Richard juga meragukan dasar pelaporan hukum terhadap dirinya.

Menurutnya, produk kecantikan merek Athena hanya dijual melalui platform dan saluran distribusi yang resmi. Ia merasa tidak yakin jika dituduh melakukan pelanggaran terhadap produk yang dibeli konsumen melalui saluran non-resmi perusahaan.

“Maka bukan hanya masalahnya tidak ada, menurut saya kasus ini tidak layak untuk diproses.
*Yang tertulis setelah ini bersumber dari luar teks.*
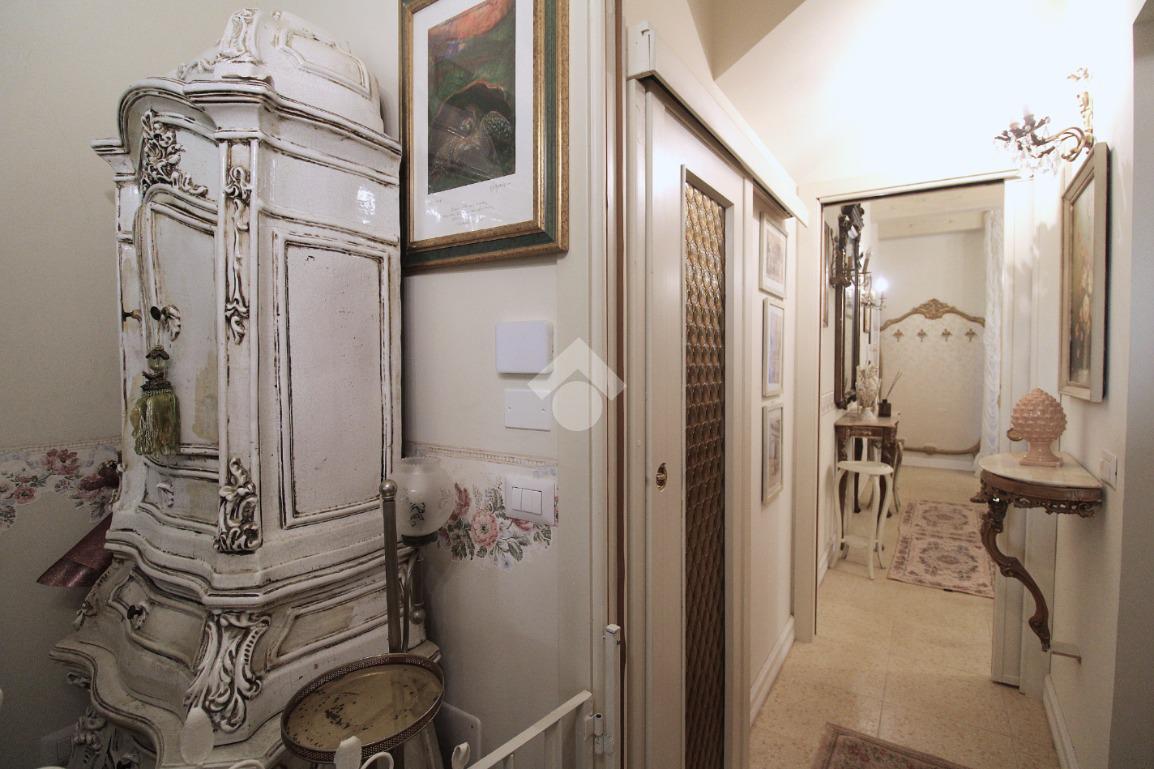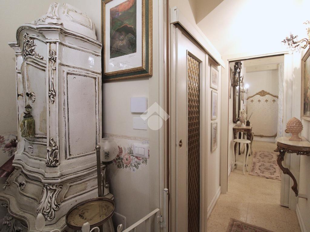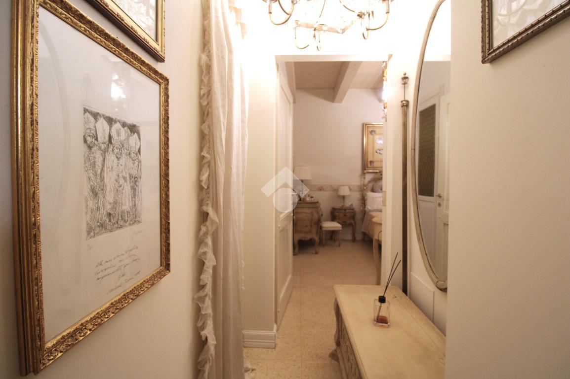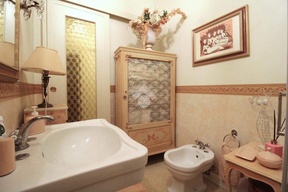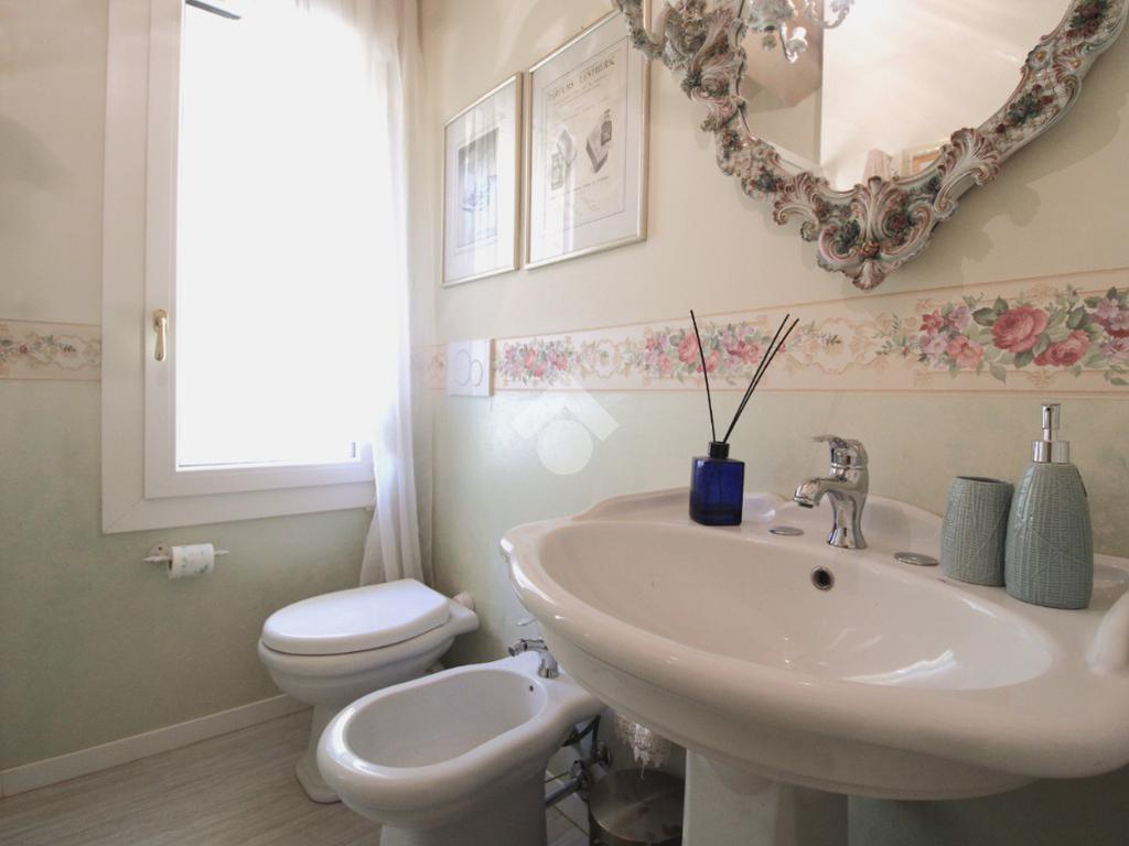 Sul piano c'è il terzo bagno finestrato e dotato di box doccia: è da apprezzare l'attenzione nello scegliere sanitari in stile retrò in ogni servizio, preservando così armonia e carattere nell'abitazione.

Bagaimana mungkin pembeliannya saja tidak di tempat saya,” tegasnya.

Di sisi lain, Jaksa Penuntut Umum secara tegas meminta Majelis Hakim untuk menolak seluruh pembelaan atau keberatan yang diajukan oleh pihak Richard Lee.

Dalam penyampaian tanggapan resmi, jaksa menganggap bahwa Pengadilan Negeri Tangerang memiliki wewenang penuh secara hukum untuk melakukan pemeriksaan dan menjatuhkan putusan terhadap perkara ini.

Selain itu, JPU menyatakan bahwa surat tuntutan yang disusun telah memenuhi seluruh persyaratan formal maupun materiil secara sah.

“Menyatakan surat tuntutan dari Penuntut Umum telah memenuhi syarat formal dan materiil serta sah sebagai dasar untuk memeriksa perkara,” ujar jaksa dalam persidangan. Berdasarkan hal tersebut, JPU mengusulkan agar persidangan pidana Richard Lee segera dilanjutkan ke tahap pemeriksaan perkara.

 

Kronologi Kasus

Perkara hukum yang melibatkan Richard Lee berawal dari laporan seorang dokter bernama Samira Farahnaz atau Doktif kepada Polda Metro Jaya pada bulan Desember 2024 silam.

Setelah menjalani serangkaian penyelidikan dan penyidikan yang cukup panjang, perkara ini akhirnya secara resmi diserahkan ke pengadilan.

Di dalam surat tuntutan, Jaksa Penuntut Umum menjerat Richard Lee dengan beberapa pasal yang merujuk pada Undang-Undang Kesehatan serta Undang-Undang Perlindungan Konsumen.

Richard dituduh membuat dan menyebarkan produk farmasi yang tidak memenuhi standar keamanan melalui perusahaannya, CV Athena Mandiri.

Masalah utama muncul ketika sejumlah produk kecantikan terkenal miliknya, seperti White Tomato dan DNA Salmon, dikabarkan telah kehilangan izin beredar dari BPOM atau dianggap tidak memenuhi standar keamanan yang berlaku.

Jaksa mengungkapkan rangkaian kejadian di mana Richard diduga menyuruh stafnya untuk mengubah dan memodifikasi label produk dari pabrikan lain, kemudian menempelkan label baru tanpa mengajukan perubahan izin beredar ke BPOM.

Selain itu, Richard juga dituduh melanggar tujuan penggunaan produk; kosmetik yang seharusnya digunakan untuk pemakaian luar tubuh diduga dijual dan diberikan dengan cara disuntikkan ke dalam kulit melalui penjualan di TikTok Shop.